Governing structure:
While maintaining a more informal and open planning and organizational structure, the CIC Student Group will delegate specific responsibilities, such as financial and meeting management, to designated individuals. The CIC Student Group future events and scope are developed by a planning committee consisting of a wide group of interested parties including CIC Student Group members, CIC faculty advisors, other interested faculty, interested alumni, and other i-School interested parties.
Membership:
Membership is open to all current and previous graduate and doctoral students within the School of Information, with special requests from students outside SI being considered on a case-by-case basis.
From the CIC site:
The Community Information Corps provides students with readings, lectures, practical engagement service opportunities, research projects and social and professional networking connections to launch them into careers as public interest information professionals - "public informationists." Upon completion of their studies, many CIC graduates typically work for nonprofit organizations, public libraries, government agencies, and museums, or they engage in entrepreneurial social ventures. CIC benefits from a growing Alumni Network.
The mission of the Community Information Corps is to prepare information professionals -- through academic inquiry, practical engagement and professional development -- for careers in community and public information work.
There are a handful of fundamental concepts about community and the public good that we study in the Community Information Corps (CIC) Seminar at the School of Information (SI). These key concepts give students a conceptual lens for reflecting on the details of project activity and policy developments that they observe and encounter. They also create a point of common knowledge and a lingua franca with which students can interact and share ideas.
CIC Fundamental Concepts
Public Goods and Common Pool Resources
More formally, a public good is non-excludable, so that everyone has access to it, and non-rival, so that use by some people does not reduce the value of the good to others.
The notions of public goods and common pool resources are critical to community informationists for two reasons. First, information itself is sometimes thought of as a public good, since it is relatively inexpensive to distribute once it is created. Second, many of the solutions to problems of underproduction of public goods and overconsumption of common pool resources involve organizing information flows. By reducing certain production and transaction costs or making people’s contributions more visible, people may be induced to produce more public goods.
Social Capital
Social capital is an umbrella term that refers to all kinds of productive resources that inhere in social relations. A group of people that trusts each other can accomplish more than one that does not. For individuals, participation in communities leads to social ties, learning of norms, and a sense of belonging. An awareness of the power of social capital and how it develops is important to anyone who will be doing community or public interest work.

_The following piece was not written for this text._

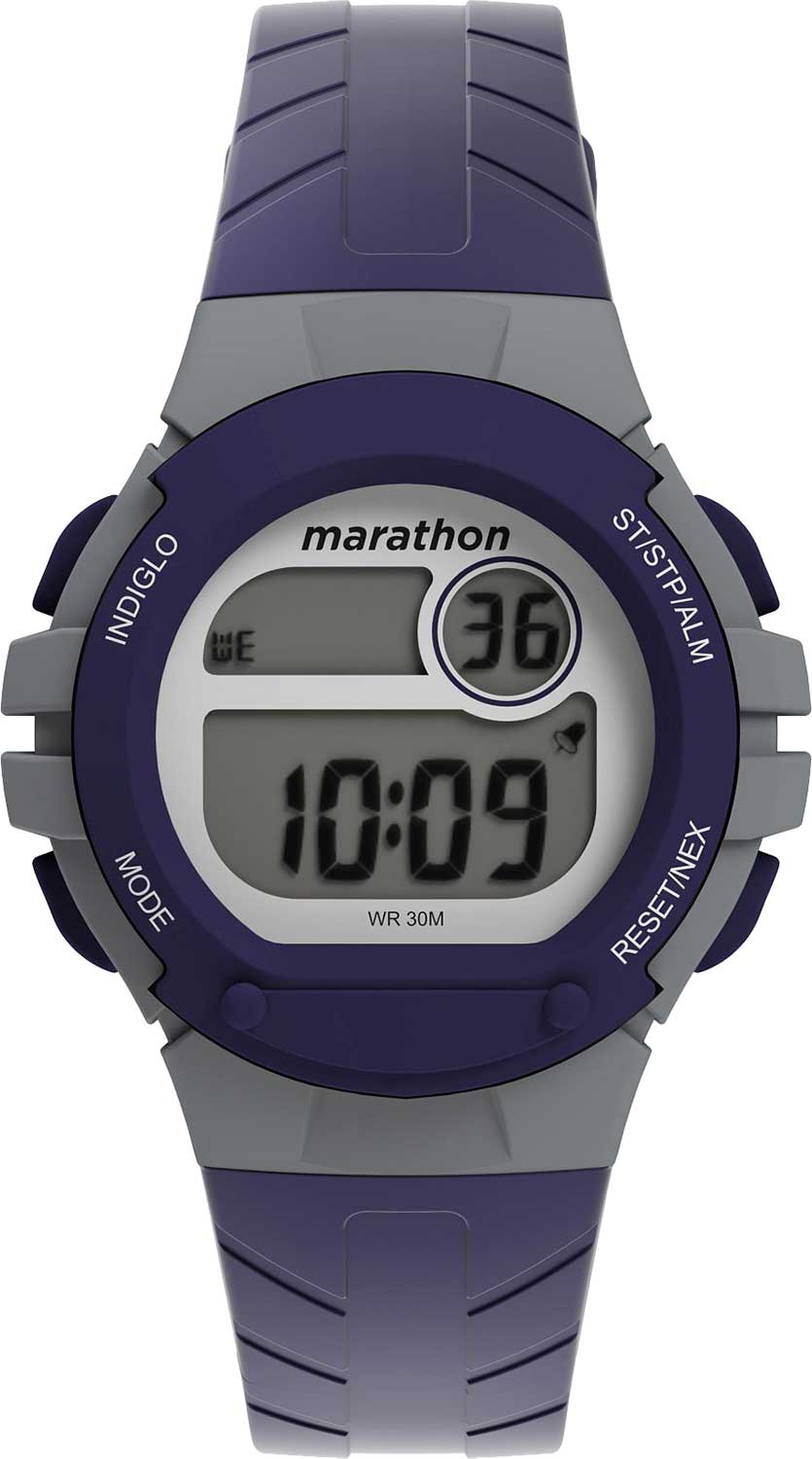 Marathon. Электронный SPLIT-хронограф с секундомером. Циферблат с фирменной подсветкой Indiglo. Функция будильника. Стальная задняя крышка крепится на 4-х винтах. Ремешок с классической застежкой.

Inequality, Diversity, Identity and Power
The “digital divide” is a term that has been used to refer to inequalities in ability to make effective use of those technologies. Increasingly, access to economic, political, and social rewards in society depend on technology access and skills. Thus, the digital divide is indeed a problem of public Efforts to bridge the digital divide often involve professionals or other privileged members of society working in communities where people are predominantly of a different race or class. Complex phenomena of identity and power play out in these relationships, and it is valuable for professionals to have some tools for reflecting on their roles.
Citizenship and Democracy
Citizens should govern themselves’ is the lofty ideal of democracy. Here, the term ‘citizen’ refers not to the people carrying passports of a particular country but more broadly to anyone exercising their proper role in self-governance. But there are many conceptions of the proper roles of citizens. In one view, the ideal role of citizens is to choose privately, by voting, among representatives or directly among policy alternatives placed on a ballot. In another, the ideal role of citizens is to deliberate publicly about policy alternatives. A third conception places citizens in production roles, especially producing public goods. A fourth conception values voluntary membership in associations that can make moral claims on members but have limited means of enforcing those claims. All but the first of these conceptions of democracy allows for a transformative effect of participation in public life.
Non-profit Sector and Philanthropy
The non-profit sector is sometimes called the independent, voluntary, civil society or third sector (after the business and government sectors). It creates an arena for privately chosen action that claims to be for the common good. Due to shifting cultural norms and public policies, this sector faces continual pressures to evolve, and it is useful for community informationists to understand both the history and the current trends.